OpenMS offers a number of classes for high-level data analysis. This covers map alignment, peptide/protein identification, clustering, etc. The classes described in this section can be found in the ANALYSIS folder.

Map alignment

Pairwise map alignment

The class PoseClusteringPairwiseMapMatcher can be used to map the element of one LC-MS map onto the elements of another LC-MS map. Corresponding elements of the two maps are moved closer together and the retention time as well as the m/z dimensions of the two maps become comparable. The transformation which maps one map onto the other is computed during the so called superposition phase.

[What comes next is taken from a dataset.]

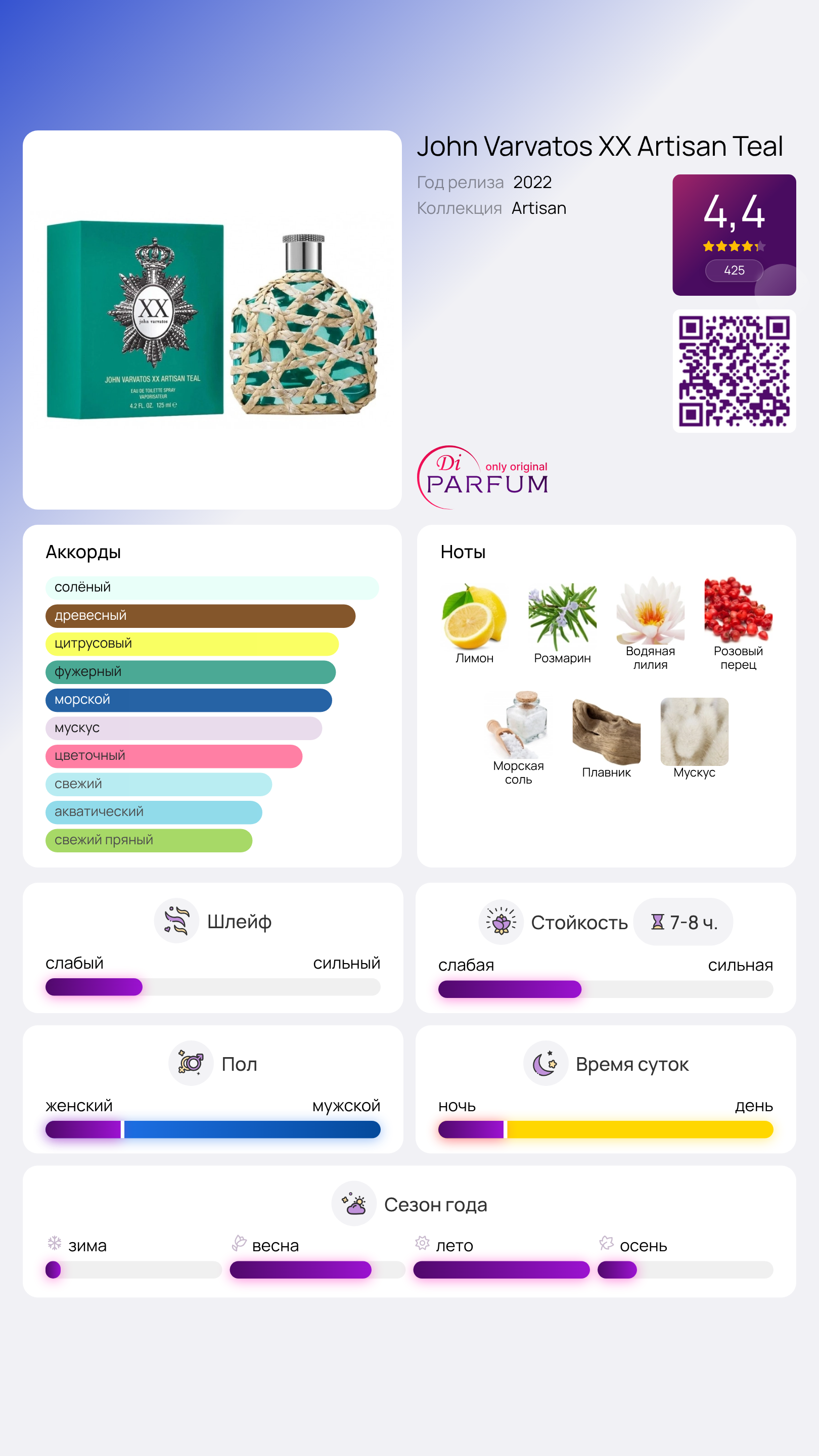 XX Artisan Teal от John Varvatos - это ароматический водный парфюм для мужчин, выпущенный в 2022 году. Верхние ноты включают в себя лимон и розмарин, в сердце аромата звучат водяная лилия и розовый перец, а базовые ноты составляют морская соль, древесина и мускус.

Superposition phase: In the first step of the superpositon phase, an approximation of the transformation is estimated which is used to determine reliable landmarks in the two maps. These landmarks enable in the second step the evaluation of a more precise transformation. For both steps, different classes can be chosen. Using the PoseClusteringSuperimposerAffine, an affine transformation can be estimated and the PoseClusteringSuperimposerShift estimates a transformation consisting of only a translation in rt and m/z. Given a first approximation of the underlying warp, the SimplePairFinder or the DelaunayPairFinder can be used to determine landmarks in the two maps which represent potential corresponding elements. These landmarks are used by the MapMatcherRegression to improve the inital transformation. The following example (Tutorial_PairwiseAlignment.C) shows how to use the PoseClusteringPairwiseMapMatcher and the MapMatcherRegression for the pairwise alignment of two maps. The PoseClusteringPairwiseMapMatcher is based on the PoseClusteringSuperimposerAffine, and a DelaunayPairFinder. The initial as well as the final transformation is stored in gridXML format.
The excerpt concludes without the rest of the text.